Я замолчал — ему нельзя было не подчиниться. И тогда снова появилась боязнь: что он решит, почему так долго думает? Наконец он сказал, как всегда коротко, официально, по-военному:
— Пойдете в батальон ВНОС[8]. Сегодня же отбыть! За документами обратитесь к помначштаба лейтенанту Муравьеву. Можете идти!
Вместо того чтобы ответить, как положено по уставу, я снова «сорвался»:
— А он… он не понесет никакого наказания? Кидала?..
Я увидел, как вздрогнули, взлетели ко лбу светлые брови командира дивизиона. Непонятно, удивился он, разочаровался или рассердился?
— Можете идти! — повторил он тихо, но с такой твердостью, с такой силой, что мгновенно вспомнилось все, чему он когда-то учил нас.

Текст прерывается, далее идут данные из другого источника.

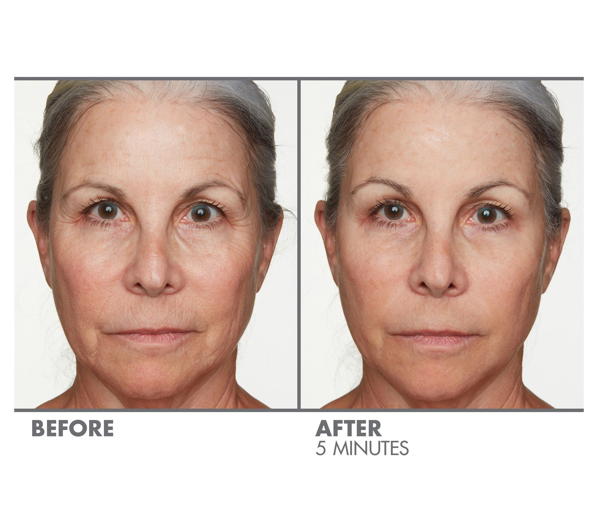 Genie Instant Line Smoother instantly smooths away the appearance of fine lines and wrinkles. It goes on clear and dries clear instantly. It doesn't take two months, two weeks, or two days to see results -- just two minutes. Use it from your hairline to your bust line -- on the wrinkles around your eyes, mouth, forehead, lips, neck, and decollete -- anywhere you want to look younger and smoother. It works with any skin-care regimen or makeup you currently use, and can be mixed into your liquid foundation.

Я выскочил из душной землянки, жадно глотнул морозного воздуха. И только тогда осмыслил его слова: «Пойдете в батальон ВНОС». Почему в этот батальон, не понимаю и сейчас. Но в ту минуту я понял, что спасен от чего-то страшного и позорного, что нашлись люди, понявшие мое душевное состояние — почему я схватил табуретку. Впервые за те черные дни я увидел день, и хотя он был короткий, хмурый, полярный, но мне показался необычно ясным. Я увидел белый снег, без отблесков огня, синий залив, непокоренный город — и обрадовался жизни. Только выругал себя, что не поблагодарил Купанова и даже не простился с ним по-человечески. Свинтус!
Получив необходимые документы и свой ранец с бедными солдатскими пожитками, я пошел в санчасть, чтобы забрать у Антонины дневник. Помню, пожалел, что отдал его. Паникер! Стало стыдно перед ней, что я так встревожился за судьбу дневника. Но пусть она поймет, что я спасал ее честь.

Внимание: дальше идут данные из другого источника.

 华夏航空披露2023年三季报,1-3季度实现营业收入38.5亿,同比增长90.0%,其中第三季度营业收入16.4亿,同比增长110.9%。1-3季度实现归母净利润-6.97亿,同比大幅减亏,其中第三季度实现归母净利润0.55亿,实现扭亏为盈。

Она не опечалилась, узнав, что я уезжаю. Не помню, что мы сказали друг другу, слова были незначительные. Дневник передала аккуратно завернутым в марлю и клеенку. Вышла из барака в одном халате, чтобы проводить меня. И во дворе сказала:
— Мне передали его письма. Три письма. Он писал мне и носил с собой в кармане…
— Сеня? Отдай их мне.
Она покачала головой.
— Нет. Я никому не дам их. Я прочитала — и что-то словно оборвалось у меня здесь, — она показала на грудь. — Я хожу сама не своя…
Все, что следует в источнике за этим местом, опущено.